Auto Encoders can have many different hyperparameters but the very important ones are:

  • Code size: number of nodes in the middle layer. Smaller size results in more compression.
  • Number of layers: the auto-encoder can be as deep as we like. In the figure above we have 2 layers in both the encoder and decoder, without considering the input and output.
  • Number of nodes per layer: the auto-encoder architecture we're working on is called a stacked auto-encoder since the layers are stacked one after another. Usually stacked autoencoders look like a "sandwich". The number of nodes per layer decreases with each subsequent layer of the encoder and increases back in the decoder. Also, the decoder is symmetric to the encoder in terms of the layer structure. As noted above this is not necessary and we have total control over these parameters.
  • Loss function: we either use mean squared error (mse) or binary cross-entropy. If the input values are in the range [0, 1] then we typically use cross-entropy, otherwise, we use the mean squared error.

Code Implementation

Let's look at how we can do dimensionality reduction using auto-encoders. Let's take a dataset that has 12 features and 8664 columns. Now our goal is to compress the dataset into 6 features.

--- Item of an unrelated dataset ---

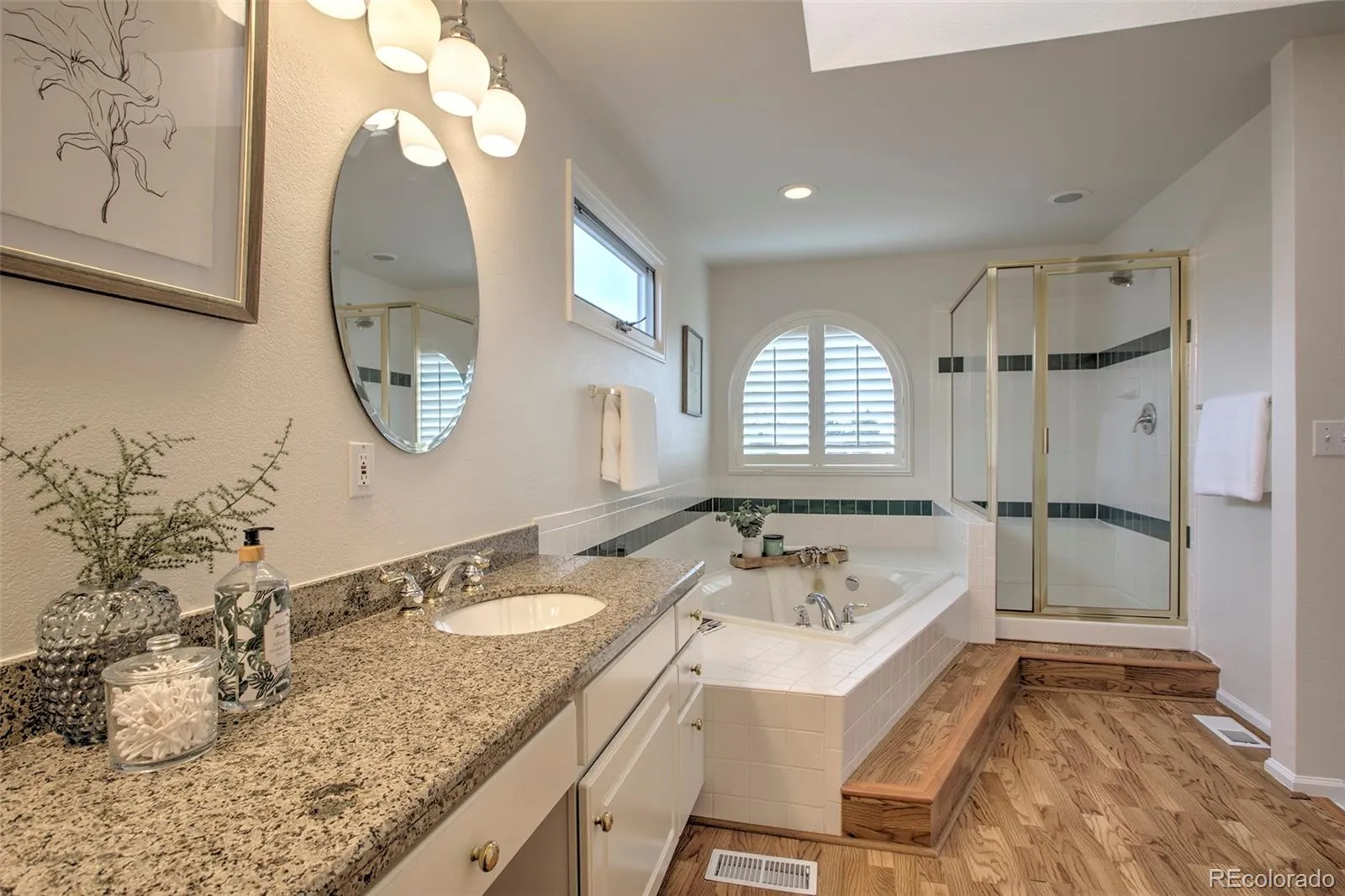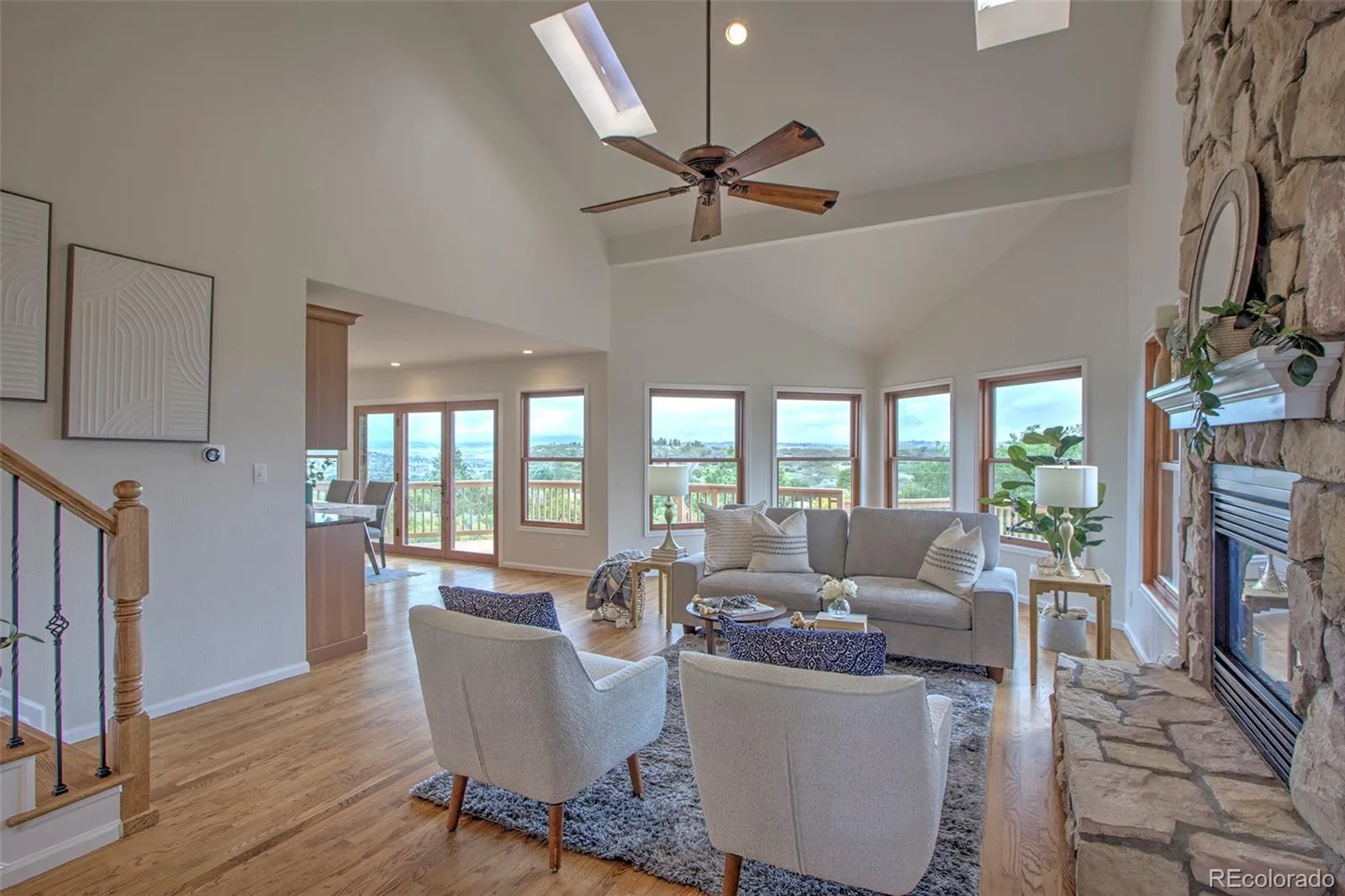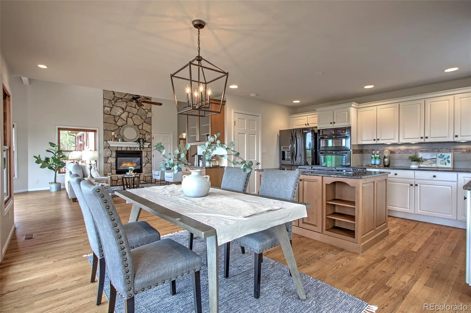 · Classic Colorado Style: Contemporary architecture blends seamlessly with the natural beauty of the surrounding landscape. Warm accents include a soaring stone fireplace, hardwood floors, granite countertops, and custom wood cabinetry.

Original dataset with 12 features

Original dataset with 12 features

Let us scale the data so that all our data points lie in the same range

autoencoder.py Language

        from sklearn.preprocessing import MinMaxScaler
scaler = MinMaxScaler()
df_scaled = scaler.fit_transform(df)
X_train_df = pd.DataFrame(df_scaled, columns=df.columns)
X_train_df
    
dataset after scaling

dataset after scaling

Let's build an auto-encoder with a code size of 6.

autoencoder.py Language

        import tensorflow as tf 
from tensorflow.keras.layers import Input, Dense
from tensorflow.keras.models import Model
# 12, 11, 10, 9, 8, 7, 6, 7, 8, 9, 10, 11, 12
 
# encoder
encoder_input = Input(shape=(n_features), name='encoder_input')
encoder_layer1 = Dense(11, activation='relu', name='encoder_layer1')(encoder_input)
encoder_layer2 = Dense(10, activation='relu', name='encoder_layer2')(encoder_layer1)
encoder_layer3 = Dense(9, activation='relu', name='encoder_layer3')(encoder_layer2)
encoder_layer4 = Dense(8, activation='relu', name='encoder_layer4')(encoder_layer3)
encoder_layer5 = Dense(7, activation='relu', name='encoder_layer5')(encoder_layer4)
latent_space = Dense(6, activation='relu', name='latent_space')(encoder_layer5)
 
#decoder
decoder_layer1 = Dense(7, activation='relu', name='decoder_layer1')(latent_space)
decoder_layer2 = Dense(8, activation='relu', name='decoder_layer2')(decoder_layer1)
decoder_layer3 = Dense(9, activation='relu', name='decoder_layer3')(decoder_layer2)
decoder_layer4 = Dense(10, activation='relu', name='decoder_layer4')(decoder_layer3)
decoder_layer5 = Dense(11, activation='relu', name='decoder_layer5')(decoder_layer4)
output = Dense(n_features, activation='sigmoid', name='Output')(decoder_layer5)
autoencoder = Model(encoder_input, output, name='Autoencoder')
 
autoencoder.compile(optimizer='adam',
                    loss=tf.keras.losses.mean_squared_error)
autoencoder.summary()
    

let's train the model

autoencoder.py Language

        history = autoencoder.fit(X_train_df,
                          X_train_df,
                          epochs=100,
                          steps_per_epoch=10,
                          verbose=0)
# only the encoder part
encoder = Model(inputs=encoder_input, outputs=latent_space)
encoder.compile(optimizer='adam',
                        loss=tf.keras.losses.mean_squared_error)
X_train_encode = encoder.predict(X_train_df)
encoded_train = pd.DataFrame(X_train_encode,
                             columns=[f"X{x}" for x in range(1, X_train_encode.shape[1]+1)])
    
autoencoder model summary

autoencoder model summary

Compressed version of the original (12 features) dataset with 6 features

Compressed version of the original (12 features) dataset with 6 features

We can see that output from the encoder which compressed our dataset into 6 features.

Input Vs. Reconstruction plot. The red shaded portion shows the error between Original vs Reconstructed data.

Input Vs. Reconstruction plot. The red shaded portion shows the error between Original vs Reconstructed data.